Let's share our Wolfram Language solutions of any arbitrary quiz/maths challenge which we found on the tube! I am not subscribed to such channels but once in a while, I would see a maths quiz video on my YouTube Recommendations page, for example, MindYourDecisions.

So how about this recent one: What Is The Area? "You Should Be Able To Solve This" enter image description here

I am not interested in his analytical solution, tbh never watched the full video. I stopped the video right after the problem statement!

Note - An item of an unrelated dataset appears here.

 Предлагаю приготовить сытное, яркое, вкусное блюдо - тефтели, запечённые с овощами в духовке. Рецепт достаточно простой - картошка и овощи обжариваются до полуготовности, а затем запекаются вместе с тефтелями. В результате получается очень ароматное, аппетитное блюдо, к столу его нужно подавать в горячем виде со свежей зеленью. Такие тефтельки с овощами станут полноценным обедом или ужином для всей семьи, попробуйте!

I just want Mathematica to spit out the numerical (exact or approximate) solution. I've come so far:

In[1]:= r1 = Region@Polygon[{{0, 0}, {a/2, 0}, {x, y}, {0, a/2}}];
        r2 = Region@Polygon[{{0, a/2}, {x, y}, {a/2, a}, {0, a}}];
        r3 = Region@Polygon[{{a/2, a}, {x, y}, {a, a/2}, {a, a}}];
        r4 = Region@Polygon[{{a/2, 0}, {a, 0}, {a, a/2}, {x, y}}];
        eqs =
          {Area[r1] == 16,
           Area[r2] == 20,
           Area[r3] == 32,
           Area[r4] == a^2 - (16 + 20 + 32),
           11 > x > 0, (* looking at the picture, I chose an estimated upper bound of 11 *)
           11 > y > 0, (* bounding the variables should help the convergence of the numerical solver *)
           11 > a > 0 (* but it is not always necessary to provide upper bounds *)

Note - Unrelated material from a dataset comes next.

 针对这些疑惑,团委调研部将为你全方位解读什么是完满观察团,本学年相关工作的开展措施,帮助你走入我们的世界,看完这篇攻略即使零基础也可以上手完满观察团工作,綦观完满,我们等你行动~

Then I've tried NSolve[ ], NMinimize[ ], FindInstance[ ], FindMinimum[ ] and only one of them worked. I must admit that I don't have much experience with these three functions and my PC's memory is limited too.

        sol = FindMinimum[{0, eqs}, {x, y, a}, Reals] (* FAIL *)
        sol = NSolve[eqs, {x, y, a}, Reals] (* FAIL *)
        sol = FindInstance[eqs, {x, y, a}, Reals] (* FAIL *)
In[6]:= sol = Last@NMinimize[{0, eqs}, {x, y, a}, Reals] (* {x -> 2.44949, y -> 4.08248, a -> 9.79796}} *)
Out[6]= {x -> 2.44949, y -> 4.08248, a -> 9.79796}
In[7]:= Area[r4] /. sol
Out[7]= 28.

Whenever you come across a youtube quiz and solved it as a recreational task, please share it here, it's much fun!

POSTED BY: Raspi Rascal
11 Replies

Thanks xzczd for the pointer! So what about this one where i failed to even code the problem statement:

VERY HARD South Korean Geometry Problem (CSAT Exam) enter image description here

The first step is to identify the three distinct points. Point C be the tip of the cone. The coordinate system's origin be at the center of the cone base:

pA = {20, 0, 0};
pB = {Bx, 0, Bz}; (* y-coordinate of B is zero *)
pC = {0, 0, Cz};
Cz = Sqrt[60^2 - 20^2]; (* Phythagoras for the cone height *)
(20 - Bx)^2 + Bz^2 == 10^2; (* Phythagoras for z-height of B *)
Bx > 0;(* x-coordinate of B *)
Bz > 0; (* z-coordinate of B *)
20/Bx == 60/(60-10); (* intercept theorem *)
Bx = 50/3; (* In[10]:= Solve[{(20-Bx)^2+Bz^2==10^2,Bx>0,Bz>0,20/Bx==60/(60-10)}] *)
Bz = 20 Sqrt[2]/3; (* Out[11]= {{Bx -> 50/3, Bz -> (20 Sqrt[2])/3}} *)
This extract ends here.